Expense ratio

Exchange ratios factor into an asset or fund’s rate of return. Bankrate explains.

What is an expense ratio?

The expense ratio is a measure of what it costs an investment company to operate an asset fund. Investors research them to determine the rate of return on a potential investment.

Deeper definition

Mutual funds, exchange-traded funds (ETFs), and other types of investments charge fees to shareholders determined by an expense ratio. The ratio is expressed as a percentage and is calculated by dividing the fund’s operating costs by the average dollar value of assets under management. Such operating costs could include payments to management, advisers, and bookkeepers; taxes and legal expenses; and what are called 12b-1 fees, which pay for marketing and distribution. The result tells you what percentage of the fund’s assets pay for its expenses.

High expense ratios indicate a reduction in the value of the investment, while a low ratio means the asset value helps offset the fund’s expenses.

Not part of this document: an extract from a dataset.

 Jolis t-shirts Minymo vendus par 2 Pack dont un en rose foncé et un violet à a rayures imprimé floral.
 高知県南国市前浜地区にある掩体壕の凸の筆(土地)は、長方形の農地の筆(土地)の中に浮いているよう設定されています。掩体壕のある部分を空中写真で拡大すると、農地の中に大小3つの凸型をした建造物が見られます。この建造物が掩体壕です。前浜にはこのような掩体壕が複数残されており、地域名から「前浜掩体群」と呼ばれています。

Small funds often have a high ratio, because even though the assets in the fund are limited, it must still meet management and administration fees. Larger funds might have a low expense ratio, as the costs are spread across a wider asset base. In some cases, a fund may waive a portion of its operating costs.

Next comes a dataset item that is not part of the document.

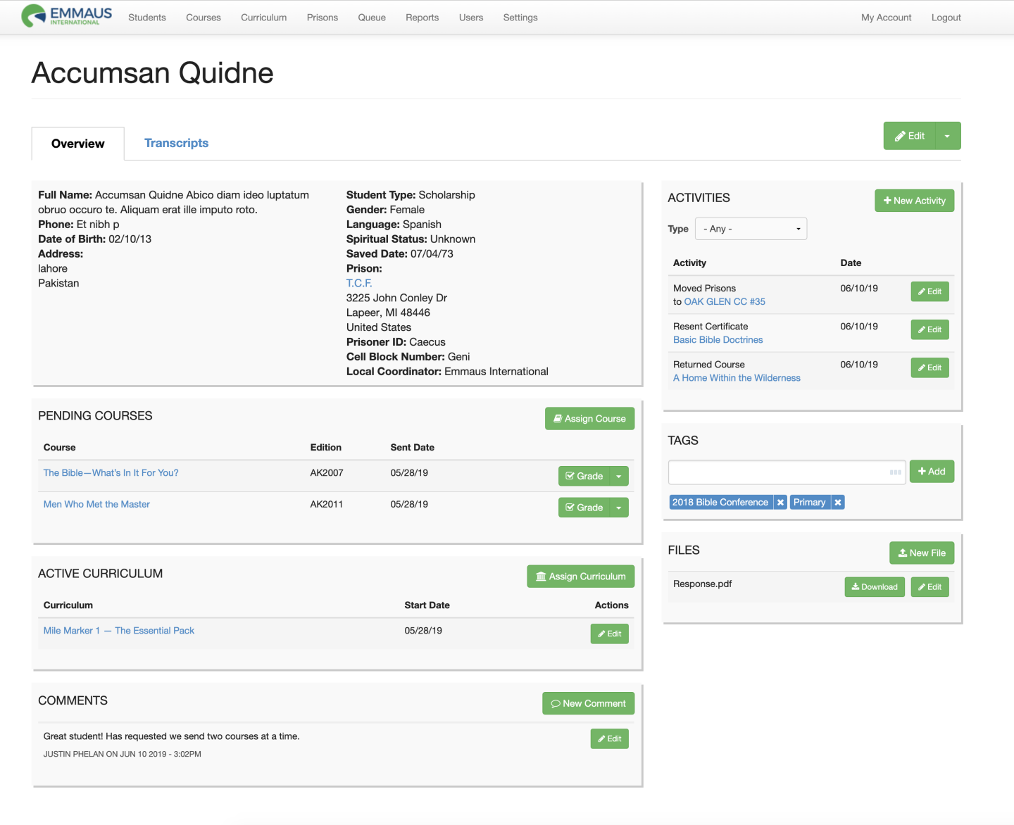 This site is a student management tool built on Drupal 7 and allows multiple ministries to manage their student's progress, assign and mail out courses, grade course progress, print out envelopes for mailings, and generate certificates for finishing courses.

Bankrate’s money market comparison tool can help you make the most of your investment.

Expense ratio example

Mary is looking at different types of investments to put her money into. She finds a bond fund and puts $10,000 into it, and, after researching it, she discovers that its expense ratio is 1.4%. Over the next year, her returns averaged 5%. However, she doesn’t collect the full amount; rather, she earns 5% minus 1.4%, or 3.6%. Her actual returns are $360 instead of $500, meaning that the expense ratio consumed 28% of her returns.